Thursday, March 8, 2018

Peacetown - Conflict Resolution

Lots of role playing opportunities to resolve conflict.

Work on learning and practicing conflict resolution skills

In the box: 1 2-sided game board, 70 conflict cards, 60 chance cards, 13 skill cards, 6 pawns, 1 die.

Ages 7+, 2-4 players

The goal of this game is to teach, and then provide opportunities to practice, the skills needed to peacefully resolve conflict. The game follows Steve and Wendy through a typical day in their home town, Peacetown. The game board is a large board, trifolded, and 2-sided. Side one of the game board shows exteriors of Peacetown and teaches eight conflict resolution skills:
  • Apologizing
  • Using Chance
  • Compromising
  • Taking turns
  • Sharing
  • Avoiding
  • Ignoring
  • Getting help
Side two of the game board shows what is going on in the interiors of the buildings of Peacetown and teaches deeper conflict resolution skills:
  • Listening
  • Respecting differences
  • Communicating feelings
  • Taking responsibility for actions
  • Attacking the problem, not the person
The instructions recommend a teaching session using the Skill Cards before beginning the game. There is one skill card for each conflict resolution skill that I listed above. After choosing which game you will play (1 or 2), present the skill cards, one at a time, and read the short definition included in the instructions.

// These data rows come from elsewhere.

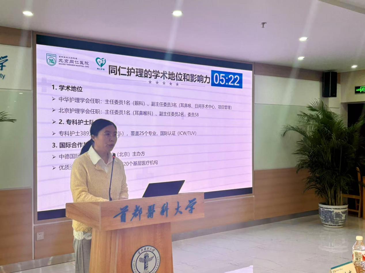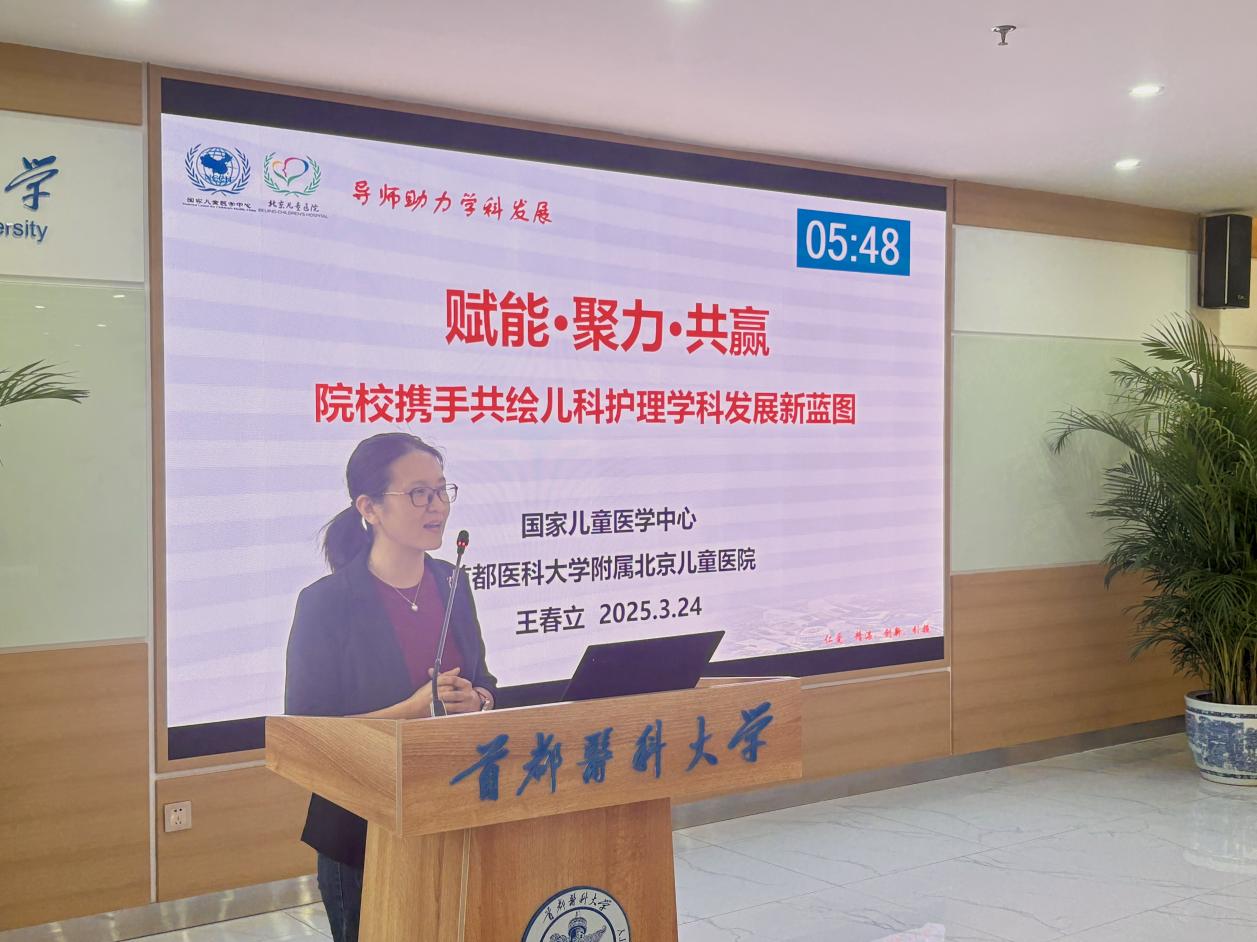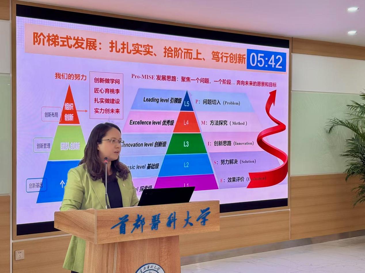 高丽以“以人才培养为根本,以创新思维为依托,助力护理学科发展”为题汇报。
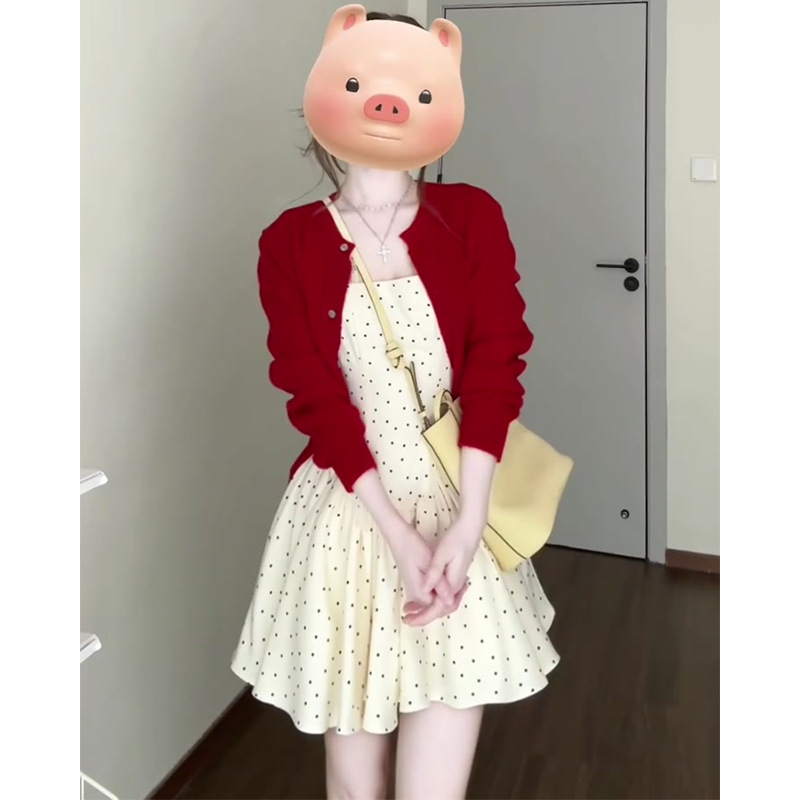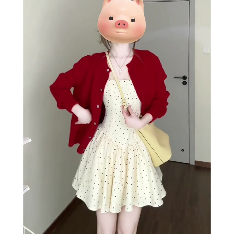 한국 스타일 부드러운 우아한 빨간 니트 카디건 재킷 폴카 스퀘어 칼라 슬링 원피스 여성의 봄과 여름 새 세트
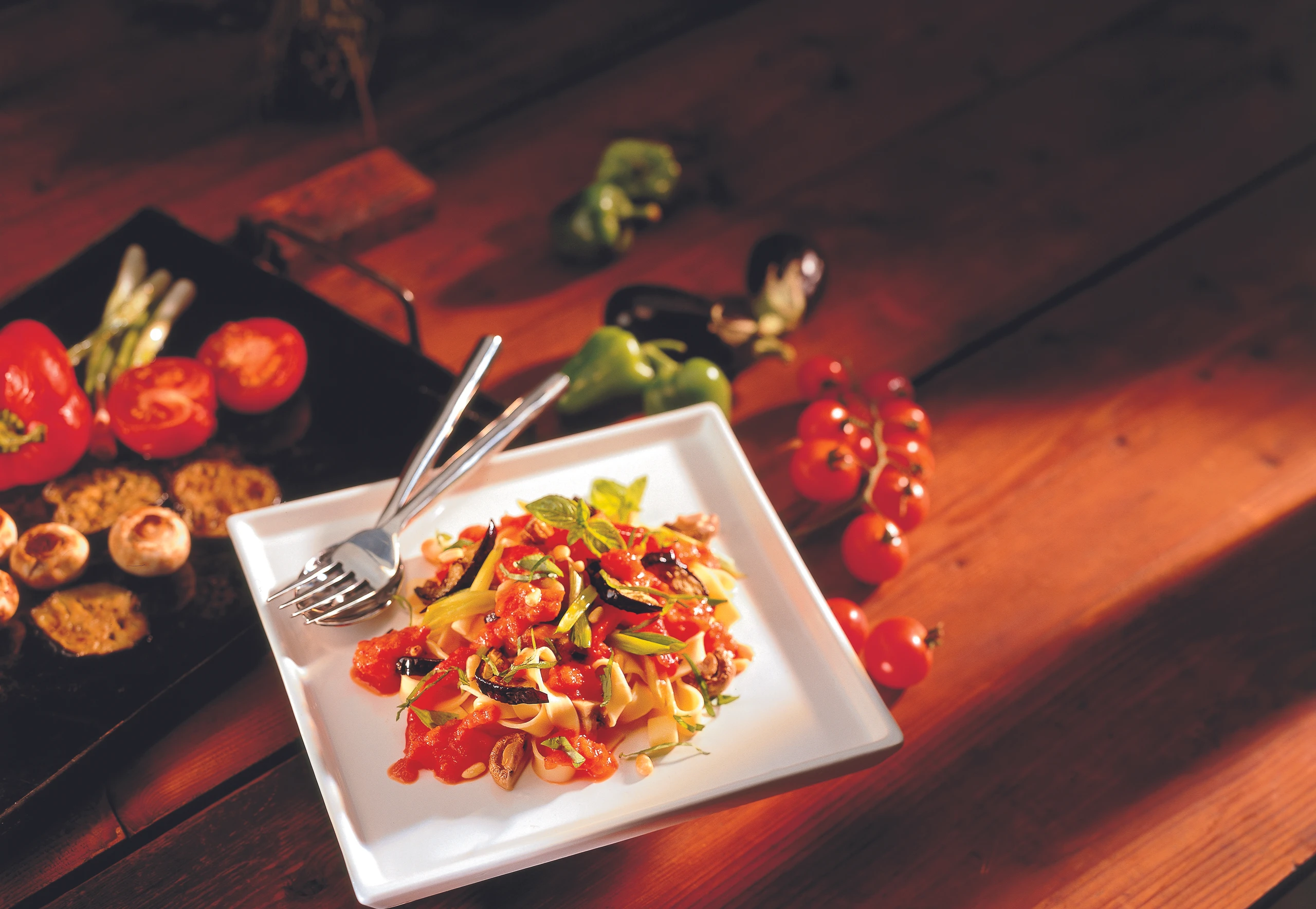 Melanzani in 1 cm dicke Längsstreifen schneiden, Paradeiser halbieren, Jungzwiebeln längs halbieren, Pilze putzen. Knoblauch schälen, Basilikum in feine Streifen schneiden, Oregano hacken.
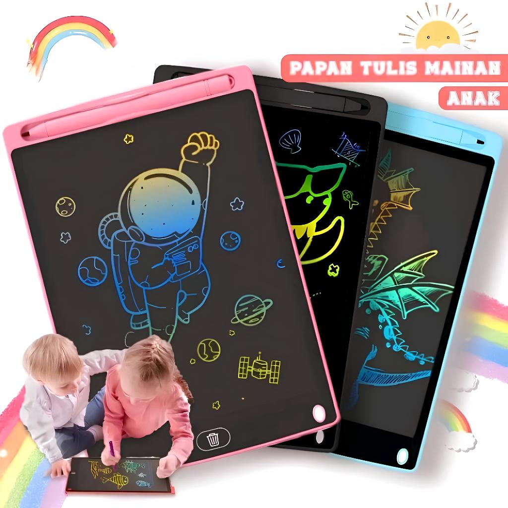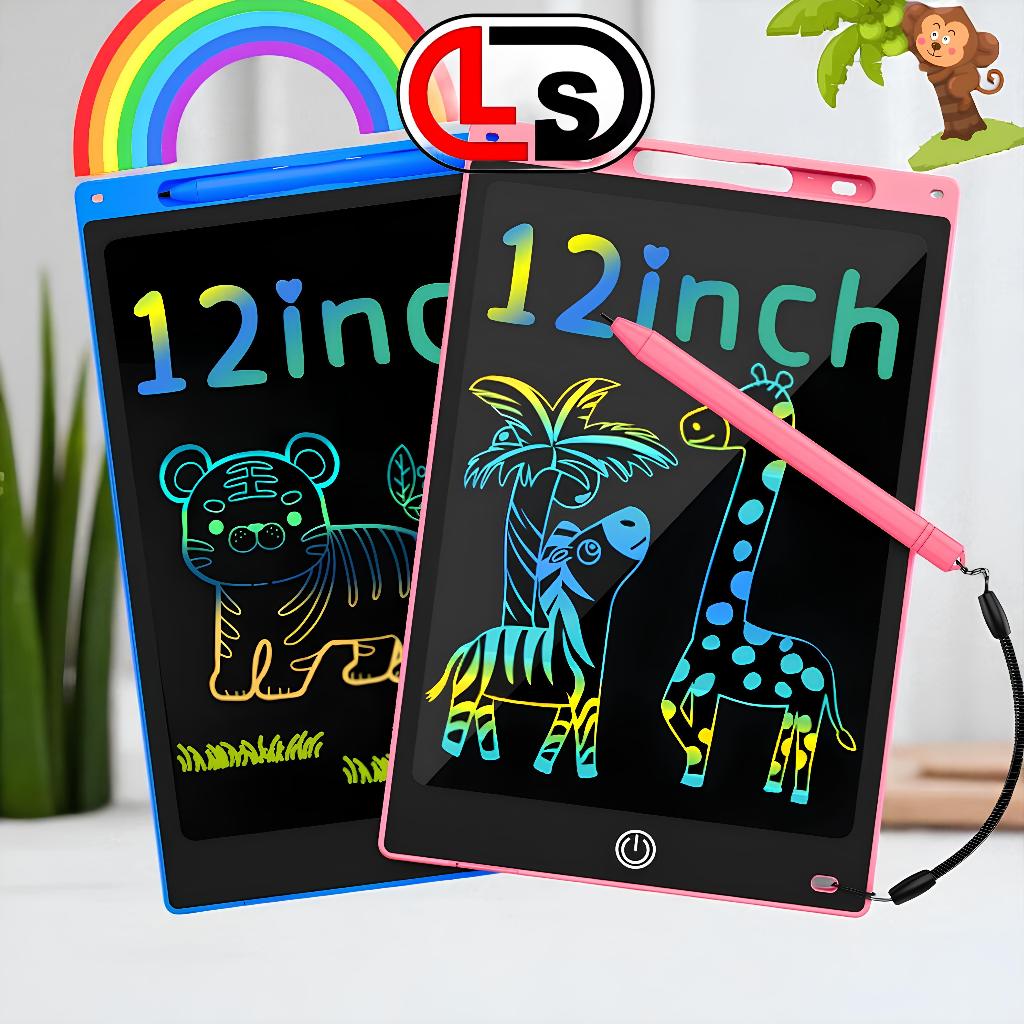 LS Colorful 12 Inch LCD Writing Tablet Drawing Pen Warna Warni Papan Tulis Belajar Anak Bisa Dihapus Mainan Edukatif Anak Papan Tulis Coret

There are two sets of cards to the game - one set for side one, one set for side two. The cards for each game will include conflict cards and chance cards. Conflict cards set up a conflict for you to resolve. Here are some examples:
  • Side one
    • Whenever Jake walks into the cafeteria, the kids call him "fat" or "four-eyes". Jake doesn't like this, be he has to go into the cafeteria to get lunch. What can Jake do?
    • Mr. Frankel divides his class into small groups and asks each group to draw a picture of what they think their school will look like in 50 years. Linda is put in charge of one group. She has some ideas about how the picture should look, but so does everybody else in the group. The group starts fighting over what the picture should look like. What can Linda suggest that would stop the conflict and get everyone started on the project?
  • Side two
    • When Juan gets mad, he yells at people. When Jamal gets mad, he keeps his feelings inside. Is one way of handling feelings better than the other? Why or why not?
    • Velma's dad is out of work and trying hard to find a job. Paco tells everyone at school that Velma's dad is a bum and that he doesn't want to work. If you were Velma, how would feel? How would you let Paco know how you feel?
The chance cards
  • Side one
    • A bully threatens to beat you up after school, so you ask your friends to walk home with you. Move ahead 2 spaces.
    • You refuse to take turns with a friend. Move back 2 spaces.
  • Side two
    • When your friend tells you about her problem, you listen without interrupting and try to understand her point of view. Move ahead 2 spaces.
    • You get even with a boy for tripping you by tripping him back. Move back 2 spaces.
Move along the path earning peace points by appropriately resolving conflicts. When someone reaches the finish line, the person with the most peace points wins.

Set up:
Place the board in the middle of the players. Each player chooses and places a pawn on the "start" square. Shuffle and place the conflict cards on the board. Shuffle and place the chance cards on the board.

Each player will throw the die and move his pawn that many spaces. There are no blank spaces on the board, and each space on the board has some kind of symbol that will indicate what action to take. There will be a lot of opportunities to problem solve and practice as you go.

The box has the ages of 7-12, but I did not list the top age as I have used side two with teenagers with success. Maybe some will think this goes against the spirit of the game, but I never like to penalize someone (withholding peace points) for a wrong answer when they are learning. Each wrong answer is an opportunity to teach a better way. If you want to compete, see who gets to the finish line first. Of course that will just be dependent on the roll of the die.

Try this:
  • Skip the game and just use the game cards, posing questions and role playing.